Nous, qui au travers de nos chroniques, aimons, régulièrement, rendre hommage aux efforts de présentation entrepris par certains artistes désireux de sauvegarder l’attrait du bel objet que peut être, aussi, un Compact Disk, ceci en complète opposition à l’inexistence de toute séduction artistique inhérente à la nature même de la musique dématérialisée, nous adressons, d’entrée à l’artiste et à Roudenn Graphik (voir le site) qui a, magistralement, conçu et réalisé ce superbe contenant, toutes nos félicitations.

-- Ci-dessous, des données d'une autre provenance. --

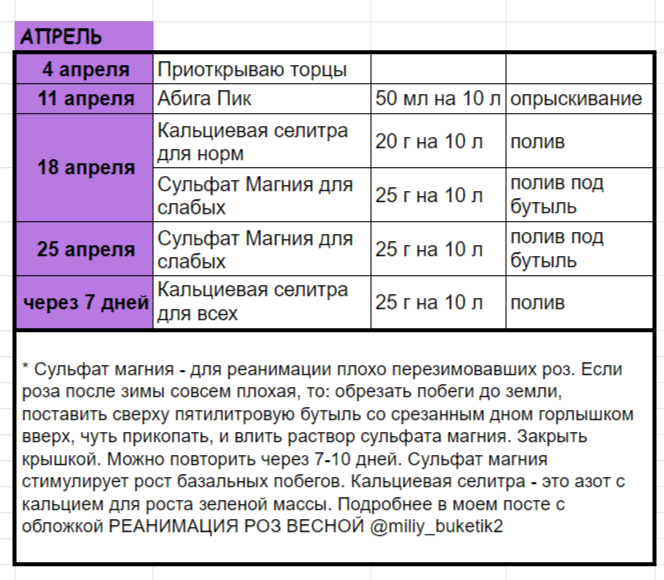 Продолжаю публиковать шпаргалки по уходу за розами. Это моя схема 2021 года. Напоминаю, что нельзя слепо копировать чей-то опыт, всё сады разные и уникальные, и только вы знаете, что надо вашим розам. А ещё очень разные климатические условия, погодные, к ним тоже надо приспосабливаться. Так, например, если у вас льют дожди - то опрыскивать бессмысленно, но хорошо подкармливать под корень. И наоборот - по сухой погоде отлично заходят именно баковые смеси. Конечно, использование химии в саду должно быть осознанным. Нельзя поливать и опрыскивать бездумно. Надо знать каждый препарат "в лицо", благо, информации море. Прежде, чем использовать что-то - читайте, вникайте, спрашивайте. Да, это сложно. Я сама лет 10 принципиально не использовала химию. Потом несколько лет потратила на понимание. И сейчас знаю, что без химии сад не просуществует десятки лет. Но главное - понимание. Возьмите за основу простые правила: Розам нужны 🍷удобрения (подкормки) 🍷защита от болезней (фунгициды) и вредит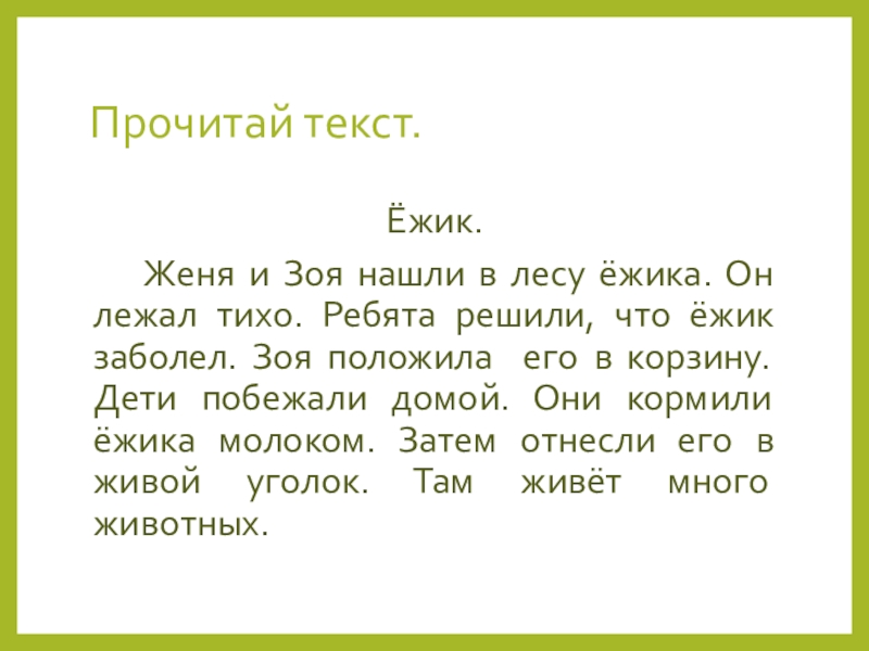 Прочитай текст. Ёжик. Женя и Зоя нашли в лесу ёжика. Он лежал тихо. Ребята решили, что ёжик заболел. Зоя положила его в корзину. Дети побежали домой. Они кормили ёжика молоком. Затем отнесли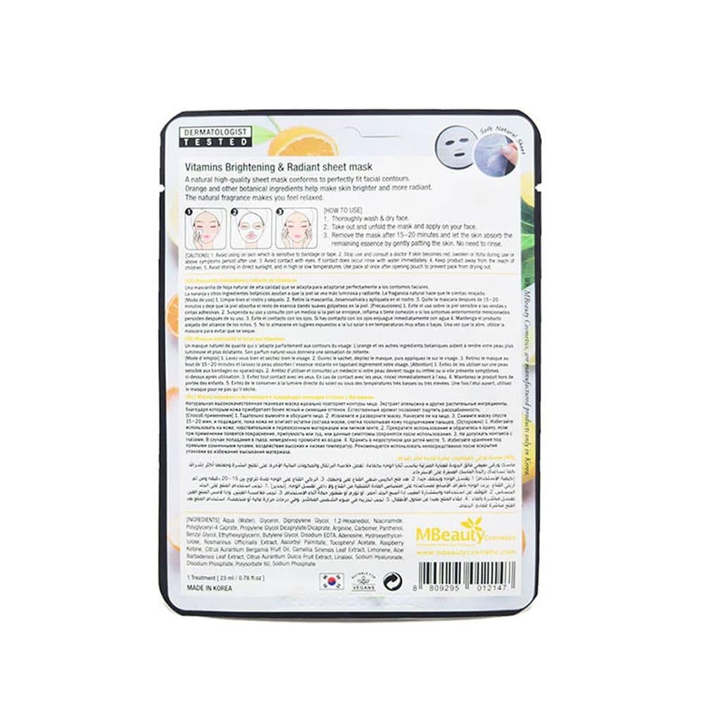الوصف :قناع الوجه النباتي بالفيتامينات من إم بيوتي هو منتج عناية بالبشرة مصمم خصيصًا لترطيب وتغذية البشرة. يحتوي هذا القناع على مزيج من الفيتامينات التي تساعد على تحسين مظهر البشرة وتعزيز صحتها العامة. الفوائد والمميزات :يعزز ترطيب البشرة ويحافظ على نعومتها.يساعد في تغذية البشرة وتحسين مرونتها.يحتوي على مكونات طبيعية تساعد على تهدئة وتنعيم البشرة.يساعد في تفتيح وتوحيد لون البشرة.يمنح البشرة مظهرًا مشرقًا وحيويًا.سهل الاستخدام ويمكن استخدامه في أي وقت تشاء. طريقة الاستعمال :اغسلي وجهك بالماء الدافئ وجففيه.أخرجي القناع من العبوة وافرديه على وجهك.اتركي القناع على وجهك لمدة 15-20 دقيقة.أزيلي القناع من وجهك ودلكي البقايا على بشرتك. التحذيرات :للاستعمال الخارجي فقط.يتوقف عن الاستخدام في حالة حدوث تهيج أوحساسية .يحفظ بعيدا عن متناول الأطفال.يحفظ في مكان بارد وجاف ، بعيداً عن أشعة الشمس المباشرة.

En tous cas, la réception de ce très bel objet, escorté de jolis et chaleureux documents, nous sont apparus comme très stylés. « Classieux »… aurait dit Gainsbourg ?
Aussi, il nous restait à découvrir si cet attractif coffret était en complète adéquation avec le contenu du disque qu’il renfermait, si élégamment.
Nous vous répondrons, immédiatement : « ô combien » !
C’est donc, avec grand plaisir que nous allons, en quelques lignes, vous présenter cette remarquable publication.
Ne vous attendez pas, dans le contexte de nombre de nos chroniques en ligne, à entendre, ici, des sonorités celtiques, bretonnes. Par le sens même de ses deux premiers vocables, Culture et celtie, l’e-MAGazine a aussi pour principe de vous proposer d’autres styles, dont les chansons émanant de la création d’artistes bretons non « celtisants ».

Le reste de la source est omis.